Why does this haskell code not terminate

Question

import Control.Monad.State.Lazy

type Queue a = [a]

push :: a -> State (Queue a) ()
push x = state (\xs -> ((),xs++[x]))

pop :: State (Queue a) a
pop = state (\(x:xs) -> (x,xs))

queueManip :: State (Queue Int) Int
queueManip =
  do
    mapM_ push [1..]
    a <- pop
    return a

main :: IO()
main = do
  let (a,_) = runState queueManip []
  print a

Shouldn't the mapM_ be lazy ? Besides for implementing a queue shouldn't the complexity be O(1)?

Because the append (++) itself is lazy ...

Answer 1

Note that do mapM_ push [1..3]; something is the same as:

do push 1; push 2; push 3; something

so that should explain why

do mapM_ push [1..]; something

never gets around to executing something.

If you look at the definition of the State monad:

type State s a = s -> (a, s)

instance Monad (State s) where
  return a = \s -> (a,s)
  m >>= g = wpAB
    where
      wpAB = \s1 -> let (v2, s2) = m s1
                        (v3, s3) = g v2 s2
                    in (v3, s3)

-- (newtypes and such have been removed to declutter the code)

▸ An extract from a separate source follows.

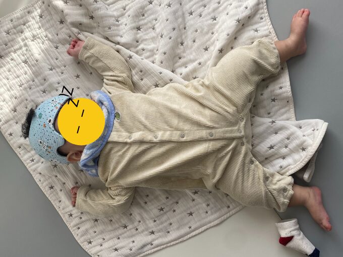 息子は生後4ヶ月から生後8ヶ月までの約4ヶ月間、ヘルメット治療を行いました。

you see that the value of m >>= g always depends on g. Contrast that with the definition of Maybe monad:

instance Monad Maybe where
    return x = Just x
    (>>=) m g = case m of
                  Nothing -> Nothing
                  Just x  -> g x

where m >>= g can be independent of g which explains how the Maybe monad can short-circuit a do-chain.

Answer 2

What if I'm evil and use

push' :: Int -> State (Queue Int) ()
push' 1052602983 = state $ \_ -> ((), []) -- "Muarhar!"
push' x = state $ \xs -> ((),xs++[x])

Then mapM push' [1..] should clearly render the state as [1052602983, 1052602984 ..]. It would be wrong for pop to yield 1. But mapM can't possibly know this, without first evaluating a billion other numbers. Actually pushing them to the state is irrelevant here, and it also doesn't matter that push could be completely lazy: mapM at least has to give it a chance to check any given number, before handing on the monadic program flow.